Terracotta Army Exhibit Opens at Cincinnati Art Museum under Increased Security

Action follows a bizarre incident in Philadelphia, where a visitor to a museum exhibit broke off a warrior's thumb

click to enlarge China Daily writer Zhang Ruinan at Cincinnati's Terracotta Army exhibit - Photo: Provided
Photo: Provided
China Daily writer Zhang Ruinan at Cincinnati's Terracotta Army exhibit

One of the guests at Thursday's media/members preview of Cincinnati Art Museum's Terracotta Army: Legacy of the First Emperor of China exhibit — which opens to the public today and is up through Aug. 12 — was China Daily reporter Zhang Ruinan, who is from Beijing but based out of New York.

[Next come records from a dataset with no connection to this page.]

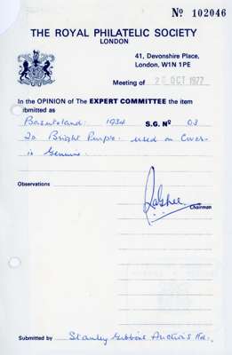 Official. 1934 (1 MAY) OHMS cover to Kenya, franked by lower marginal 2d bright purple opt ‘OFFICIAL’ tied by Maseru cds, with dated red oval ‘RESIDENT COMMISSIONER’S OFFICE / MASERU, BASUTOLAND' h/s at lower left, central fold and sympathetically restored at top for display, still a highly attractive item of great rarity. Ex King Carol of Romania, with RPS cert (1977). SG O3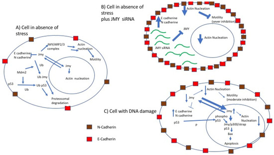 JMY’s capacity to regulate cell motility and DNA damage response suggest that JMY could be the link between these two cellular processes. In the model, currently being explored (illustrated in Figure 3), following DNA damage, the net JMY concentration in the cytoplasm diminishes while its level in the nucleus increases as JMY translocates into the nucleus. In the nucleus most of the JMY is sequestrated by the Cp300/Strap/p53 complex to help stabilize p53. As a consequence, there is limited JMY protein available for actin nucleation and cadherin inhibition, which also implies a limited mobility for cells [11,22,35,36].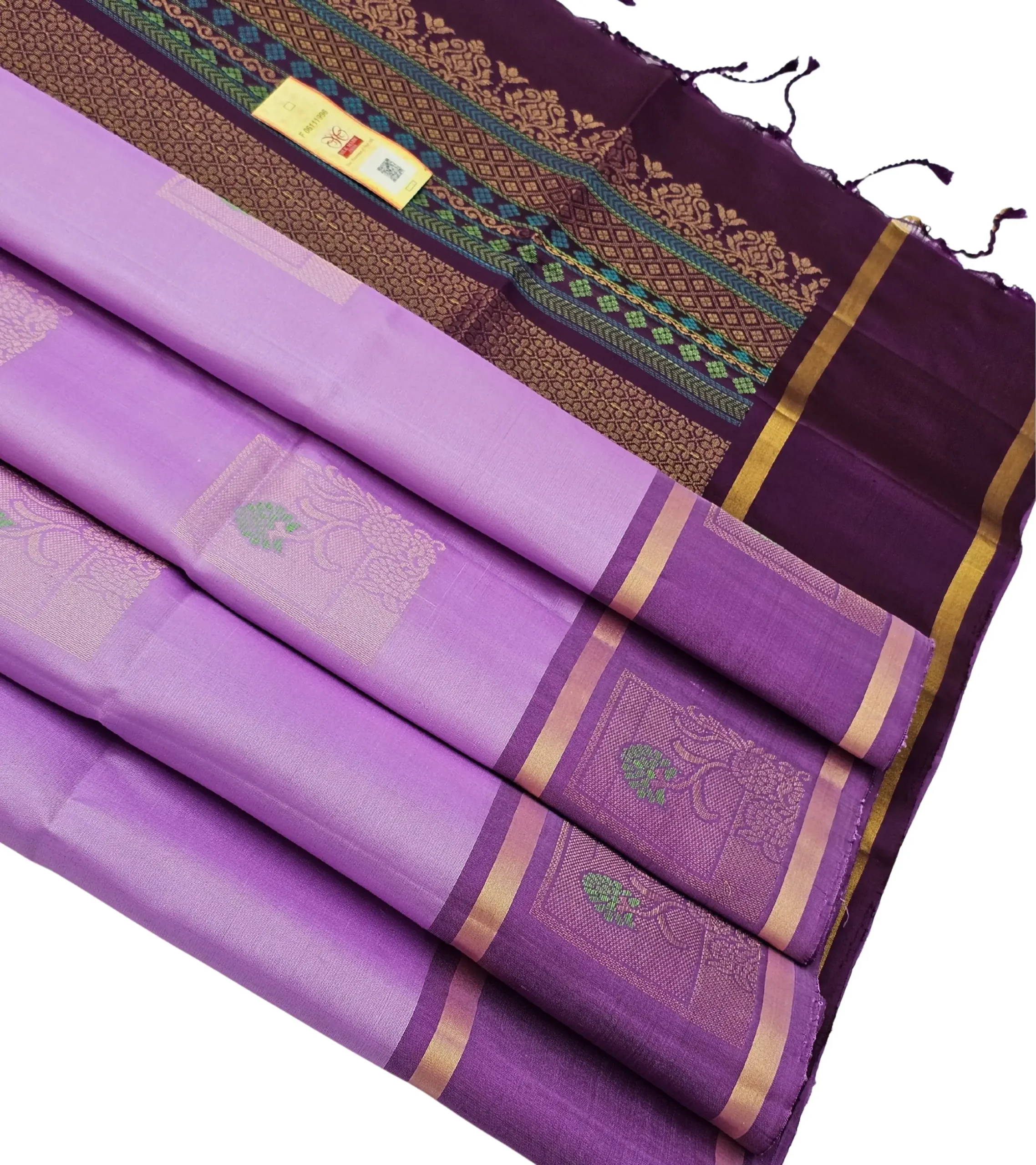 This elegant handloom silk saree features a soft lavender body paired with a rich deep-purple pallu for a regal look.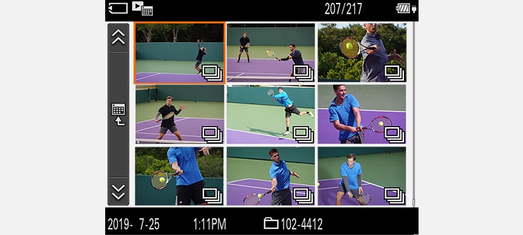 Im Wiedergabemodus können Sie Fotos bewerten oder vor dem Löschen schützen. Diese Funktionen lassen sich benutzerdefinierbaren Tasten zuordnen. Serienaufnahmen können als zusammengehörige Bildgruppen angezeigt und Gruppen von Aufnahmen mit nur einem Vorgang gelöscht oder geschützt werden. Zudem stehen jetzt vier Serienaufnahme-Anzeigeoptionen für den Sucher oder das LC-Display zur Verfügung.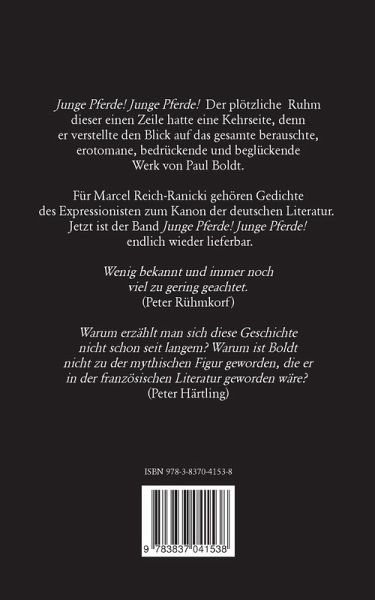 Junge Pferde! Junge Pferde! Der plötzliche Ruhmdieser einen Zeile hatte eine Kehrseite, denner verstellte den Blick auf das gesamte berauschte,erotomane, bedrückende und beglückendeWerk von Paul Boldt.Für Marcel Reich-Ranicki gehören Gedichtedes Expressionisten zum Kanon der deutschen Literatur. Jetzt ist der Band Junge Pferde! Junge Pferde! endlich wieder lieferbar.Wenig bekannt und immer nochviel zu gering geachtet.(Peter Rühmkorf)Warum erzählt man sich diese Geschichtenicht schon seit langem? Warum ist Boldtnicht zu der mythischen Figur geworden, die erin der französischen Literatur geworden wäre? (Peter Härtling)

She was here because the newspaper has just published her story about the exhibit. It turns out China is concerned because, at an exhibit of such warriors at Philadelphia's Franklin Institute in December, a man broke a finger off of one the priceless life-size statues to take as a souvenir. As a result, China requested increased security here, and the art museum has complied.

[More: Photos of Terracotta Army at the Cincinnati Art Museum]

In the article, CAM director Cameron Kitchin says, "We have worked closely with Chinese cultural officials to assure the security of these artifacts. We also as an art museum have a very high standard for security and respect for objects on loan to the museum."

Qi Gaoquan, deputy director of the Bureau of Cultural Relics of China's Shaanxi province, traveled here for an inspection before the exhibition opens and told the newspaper, "After what happened in Philadelphia, the Cincinnati Art Museum and our staff have reached an agreement to take active actions in improving our security protocol and procedures to ensure the safety of our artifacts. All the actions we took this time are based on the lessons we drew from the incident that happened in Philadelphia. We've taken the strictest security measures to ensure a similar incident will never happen again."

The art museum says the thumb that was taken was returned when the FBI arrested the man in Philadelphia and the warrior will be repaired. But it is not one of the warriors at the art museum here — this exhibition is substantially different.